## WORK REQUEST
When you write out the listing, keep every word as it stands and drop the pictures.

## SOURCE DATA
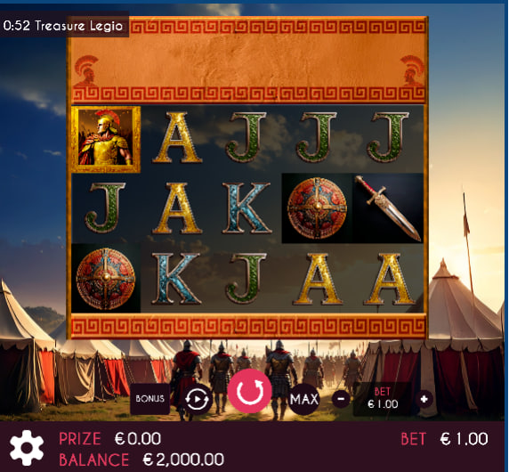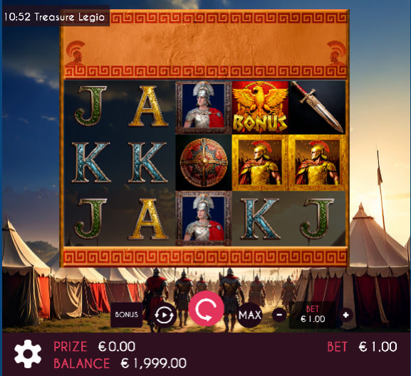 Treasure Legio by Triple Cherry deploys a Roman military theme, setting the action within a legionary encampment. The game utilizes a standard 5-reel, 3-row grid with 25 fixed paylines governing wins. Core gameplay in the base game introduces random Respins and a Transformation feature where Golden Soldier symbols convert to Wilds. A significant aspect is its variable Return to Player, which operators can set anywhere from 88.35% to an advantageous 97.54%. This slot likely demonstrates medium to high volatility, suggesting varied payout patterns. Landing three Bonus symbols on the middle reels activates the Free Spins round, granting 10 initial spins on special reels. Within this phase, two distinct bonuses appear: the Wild Tower, capable of turning an entire reel Wild, and an instant Prize feature offering up to 80 times the player’s bet. These mechanics combine to create a structured yet potentially dynamic experience for slot aficionados.
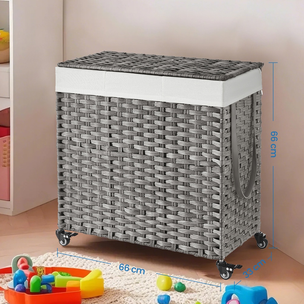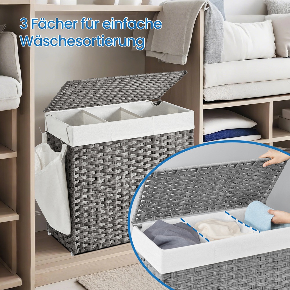 A tidy home is a happy home: Of course, it’s very convenient to just throw your dirty laundry on the floor after taking it off. However, this not only makes your home more chaotic, but you also have to laboriously collect your dirty laundry on laundry day. Why not try this laundry collector? It has 3 compartments and also comes with a lid. This allows you to not only store your dirty laundry in an organized manner, but also keep it out of sight. You can expect the following benefits: – The hand-woven surface gives this chest a special look. – Supported by a sturdy metal frame, this laundry basket will serve you for many years to come. – When not in use, you can fold this basket and store it to save space.- The bags can be washed in the washing machine. – The simple structure of this chest makes assembly a breeze. – This laundry basket fits perfectly in the laundry room, bedroom, bathroom, or living room. Product details: – Color: Gray – Material: PP plastic (polypropylene), metal frame, cotton – Size: 66 x 33 x 60 cm (L x W x H) – Weight: 3.5 kg – Max. static load capacity: 30 kg Scope of delivery: – 1 x laundry basket – 1 x instructions SONGMICS notes: – Please do not store sharp objects in this product to avoid damage or injury.- The max. static load capacity is 30 kg. Please do not store any heavier items in this laundry basket. – This is a hand-woven product. Occasionally, irregularities may occur in individual woven bands and their joints, but this does not affect the use of the product.
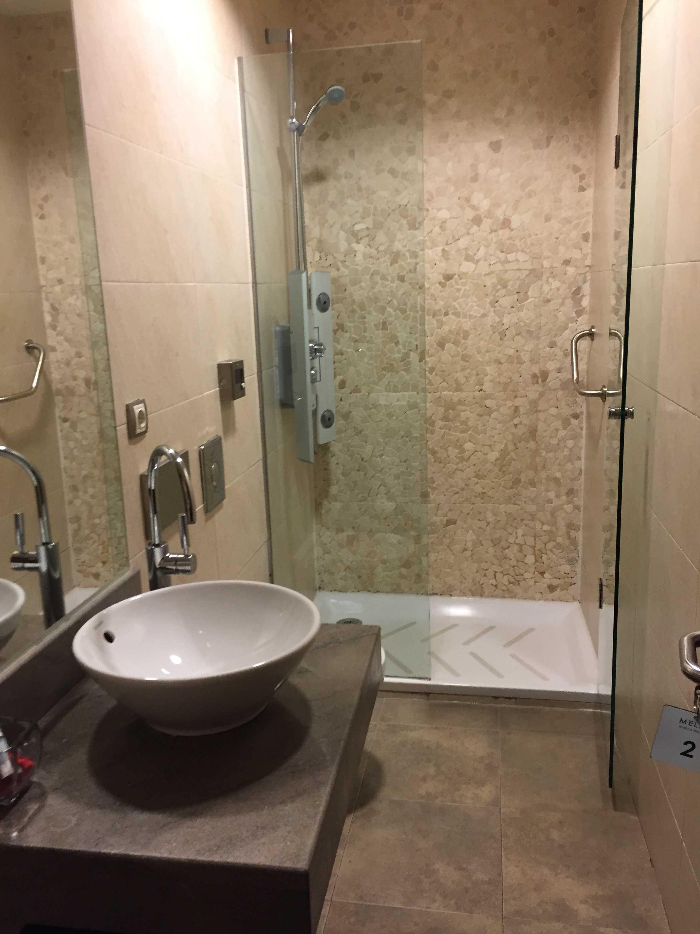 – antes de dormir, fui ao banheiro: pequeno, mas a tarefa de escovar os dentes não foi tão difícil
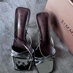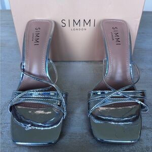 SIMMI London silver strappy mule heels with a modern square toe. Shiny metallic silver finish with delicate crossover straps for an elegant look. Easy slip-on design for versatile day-to-night styling.

## EXERCISE ANSWER
 Treasure Legio by Triple Cherry deploys a Roman military theme, setting the action within a legionary encampment. The game utilizes a standard 5-reel, 3-row grid with 25 fixed paylines governing wins. Core gameplay in the base game introduces random Respins and a Transformation feature where Golden Soldier symbols convert to Wilds. A significant aspect is its variable Return to Player, which operators can set anywhere from 88.35% to an advantageous 97.54%. This slot likely demonstrates medium to high volatility, suggesting varied payout patterns. Landing three Bonus symbols on the middle reels activates the Free Spins round, granting 10 initial spins on special reels. Within this phase, two distinct bonuses appear: the Wild Tower, capable of turning an entire reel Wild, and an instant Prize feature offering up to 80 times the player’s bet. These mechanics combine to create a structured yet potentially dynamic experience for slot aficionados.
 A tidy home is a happy home: Of course, it’s very convenient to just throw your dirty laundry on the floor after taking it off. However, this not only makes your home more chaotic, but you also have to laboriously collect your dirty laundry on laundry day. Why not try this laundry collector? It has 3 compartments and also comes with a lid. This allows you to not only store your dirty laundry in an organized manner, but also keep it out of sight. You can expect the following benefits: – The hand-woven surface gives this chest a special look. – Supported by a sturdy metal frame, this laundry basket will serve you for many years to come. – When not in use, you can fold this basket and store it to save space.- The bags can be washed in the washing machine. – The simple structure of this chest makes assembly a breeze. – This laundry basket fits perfectly in the laundry room, bedroom, bathroom, or living room. Product details: – Color: Gray – Material: PP plastic (polypropylene), metal frame, cotton – Size: 66 x 33 x 60 cm (L x W x H) – Weight: 3.5 kg – Max. static load capacity: 30 kg Scope of delivery: – 1 x laundry basket – 1 x instructions SONGMICS notes: – Please do not store sharp objects in this product to avoid damage or injury.- The max. static load capacity is 30 kg. Please do not store any heavier items in this laundry basket. – This is a hand-woven product. Occasionally, irregularities may occur in individual woven bands and their joints, but this does not affect the use of the product.
 – antes de dormir, fui ao banheiro: pequeno, mas a tarefa de escovar os dentes não foi tão difícil
 SIMMI London silver strappy mule heels with a modern square toe. Shiny metallic silver finish with delicate crossover straps for an elegant look. Easy slip-on design for versatile day-to-night styling.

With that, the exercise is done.